Une deuxième étude a permis de récolter des données d'un échantillon de quarante-deux enfants tout-venant. Chaque enfant a été évalué précisément sur ses capacités de détermination de l'objectif, de planification, de contrôle, et de résolution de problèmes (performance globale) dans le cadre de problèmes scolaires arithmétiques de complexité diverse. Les analyses (en cours) permettront d'évaluer l'impact des stratégies d'autorégulation cognitive sur une performance standardisée en résolution de problèmes. Mais, de manière plus intéressante en terme d'individualisation, des analyses permettront d'établir des profils de contrôle, et d'évaluer leur efficacité/inefficacité en rapport à la performance. Il apparaît en effet que les enfants utilisent des manières de contrôler qui leur sont propres, et que des profils de contrôle différents se révèlent aussi efficaces les uns que les autres. Il convient donc de prendre conscience de ces différences et de stimuler divers profils de contrôle afin que chaque enfant puisse déterminer celui qui lui convient le mieux en rapport à ses caractéristiques personnelles.

Références bibliographiques :

Boekaerts, M. (1996).
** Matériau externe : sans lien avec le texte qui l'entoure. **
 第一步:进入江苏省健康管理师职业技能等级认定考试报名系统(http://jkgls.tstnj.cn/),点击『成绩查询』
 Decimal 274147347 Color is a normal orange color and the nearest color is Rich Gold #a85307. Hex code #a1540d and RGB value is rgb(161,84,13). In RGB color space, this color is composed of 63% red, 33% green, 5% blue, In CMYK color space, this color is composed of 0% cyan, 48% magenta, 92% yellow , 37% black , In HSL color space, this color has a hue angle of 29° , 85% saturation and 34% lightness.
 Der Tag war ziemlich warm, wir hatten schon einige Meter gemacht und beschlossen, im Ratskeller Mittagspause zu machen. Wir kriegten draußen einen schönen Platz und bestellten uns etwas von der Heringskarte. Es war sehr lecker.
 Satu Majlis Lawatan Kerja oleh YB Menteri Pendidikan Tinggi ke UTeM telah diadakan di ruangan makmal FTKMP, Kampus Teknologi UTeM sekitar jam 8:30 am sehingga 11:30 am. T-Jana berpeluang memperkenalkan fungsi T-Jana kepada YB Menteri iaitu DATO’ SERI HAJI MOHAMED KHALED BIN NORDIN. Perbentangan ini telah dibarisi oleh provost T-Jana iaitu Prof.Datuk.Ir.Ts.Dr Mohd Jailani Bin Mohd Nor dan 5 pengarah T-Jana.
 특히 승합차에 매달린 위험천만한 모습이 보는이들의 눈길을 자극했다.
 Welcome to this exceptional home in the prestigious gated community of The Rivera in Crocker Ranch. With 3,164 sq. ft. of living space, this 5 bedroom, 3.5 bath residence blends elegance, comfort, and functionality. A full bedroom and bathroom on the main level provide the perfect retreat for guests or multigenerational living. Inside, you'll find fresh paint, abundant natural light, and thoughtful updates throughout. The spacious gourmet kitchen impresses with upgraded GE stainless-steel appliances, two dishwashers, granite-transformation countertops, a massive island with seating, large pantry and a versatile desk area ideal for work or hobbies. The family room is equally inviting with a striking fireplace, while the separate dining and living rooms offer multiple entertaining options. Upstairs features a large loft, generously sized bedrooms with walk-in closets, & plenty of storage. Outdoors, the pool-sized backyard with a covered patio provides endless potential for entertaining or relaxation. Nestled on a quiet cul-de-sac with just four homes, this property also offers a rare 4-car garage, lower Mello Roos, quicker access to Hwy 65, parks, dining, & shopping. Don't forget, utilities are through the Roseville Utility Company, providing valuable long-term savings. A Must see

Self-Regulated Learning at the jonction of Cognition and Motivation. European Psychologist, 1 (2), 100-112.
Flavell, J.H. (1976). Metacognitive aspects of problem solving. In L.B. Renick (Ed.), The nature of intelligence. Hillsdale : Lawrence Erlbaum.
Focant, J. (à paraître). Résolution de problèmes et autorégulation chez l'enfant de 10 ans. In S. Schmidt & C. Mary (Eds.), La spécificité de l'enseignement des mathématiques en adaptation scolaire. Québec (Canada) : Modulo.
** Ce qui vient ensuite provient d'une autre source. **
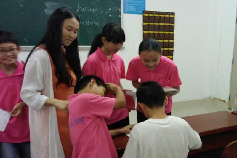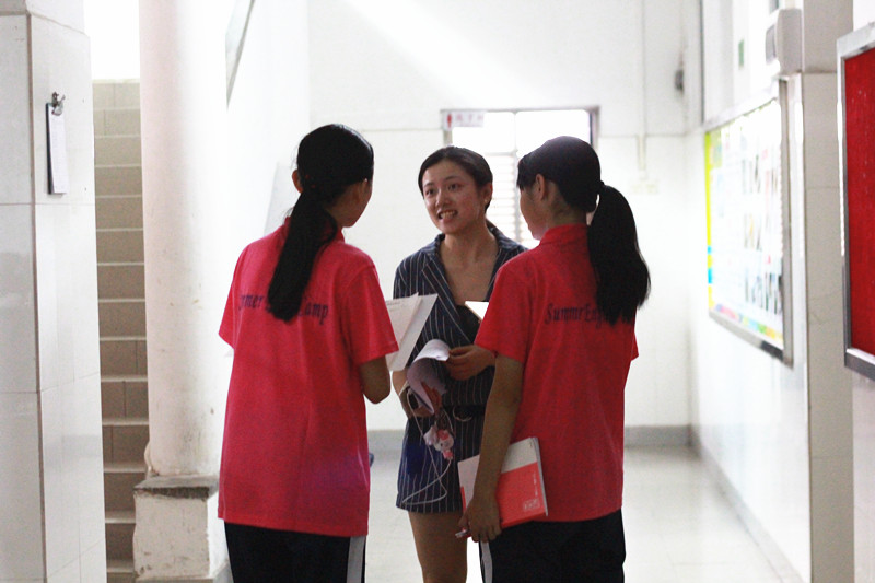 2017年7月25日,初高班的学员在课上分为三组开始就导师指定话题进行思考讨论。导师引导学员们积极合作,为之后的group presentation(小组展示)做准备,通过采访朋友、导师、家长、陌生人等的方式尝试收集信息、积累素材。在设计问卷做采访的过程中,学员们得以了解掌握用科学的调研方法来分析问题、思考问题。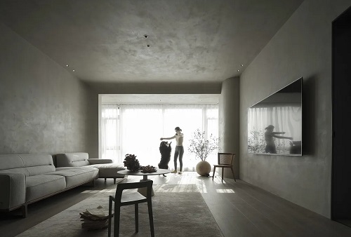 微水泥附着力好、耐磨耐用、抗压能力是普通水泥的1.7倍,质感好,纹理美观;是现在很流行的装修材料,也时常用在极简风的设计里。真的很简约,但是也真的很贵,地面1㎡的价格600元+。
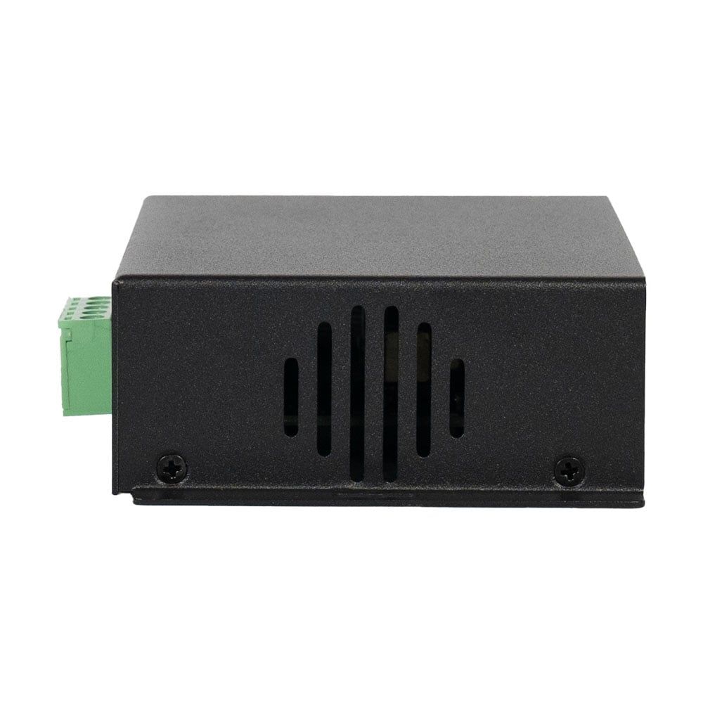 PoE-сплітер; стандарт PoE IEEE802.3bt; потужність PoE 90 Вт; швидкість передачі 10/100/1000 Мбіт/с; вихідна напруга 12 В; вихідний струм 7 А; LED-підсвічування; робоча температура від -40°C до +75°C; клас захисту: IP30; розміри 128 / 90 / 34 мм; вага 0.5 кг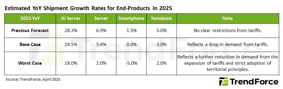 Объявление американской администрацией 2-го апреля новых «взаимных» импортных пошлин на товары едва ли не всех стран и территорий планеты, и прежде всего поступающие из материкового Китая, равно как и последовавшее всего через неделю с небольшим извлечение из-под тарифного обложения целого ряда высокотехнологичных устройств (смартфонов, ноутбуков и проч.) изрядно фраппировало как участников глобального ИТ-рынка на всех континентах Земного шара, так и аналитиков. Специалисты TrendForce заявили, что вынуждены пересмотреть прежние прогнозы по мировым поставкам компьютеров, серверов и иного высокотехнологичного оборудования до конца текущего года (см. таблицу), а также что точность любых новых оценок неизбежно удручающе низка как раз по причине непредсказуемости дальнейших шагов США и их визави в развернувшемся тарифном противостоянии.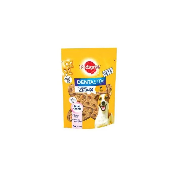 Dentastix Chewy Chunx es una opción diseñada para el cuidado dental de los perros. Este pack contiene 5 bolsas individuales, cada una con 68 gramos de chunx masticables de tamaño mediano. Los Dentastix Chewy Chunx están formulados con textura y diseño especial para ayudar a limpiar los dientes y reducir la acumulación de placa y sarro. Además, son deliciosos y altamente apetecibles para los perros, lo que facilita su incorporación a la rutina diaria de cuidado bucal de tu mascota.

Lafortune, L. & St Pierre, L. (1996). L'affectivité et la métacognition dans la classe. Montréal: Logiques.
Noël, B.; Romainville, M. & Wolfs, J.L. (1995). La métacognition : facettes et pertinence du concept en éducation. Revue française de pédagogie, 112, 47-56.
Pintrich, P.R. & De Groot, E.V. (1990). Motivational and self-regulated learning components of classroom academic performance. Journal of Educational Psychology, 82, 33-40.
Pintrich, P.R. (1999). The role of motivation in promoting and sustaining self-regulated learning. International Journal of Educational Research, 31, 459-470.
Poirier-Proulx, L. (1999). La résolution de problèmes en enseignement : cadre référentiel et outils de formation. Paris : De Boeck.
Royer, J.M.; Cisero, C.A. & Carlo, M.S. (1993). Techniques and procedures for assessing cognitive skills. Review of Educational Research, 63 (2), 201-243.
Schunk, D.H. & Zimmerman, B.J. (1998). Self-regulated learning : From teaching to self-reflective practice. New-York : Guilford.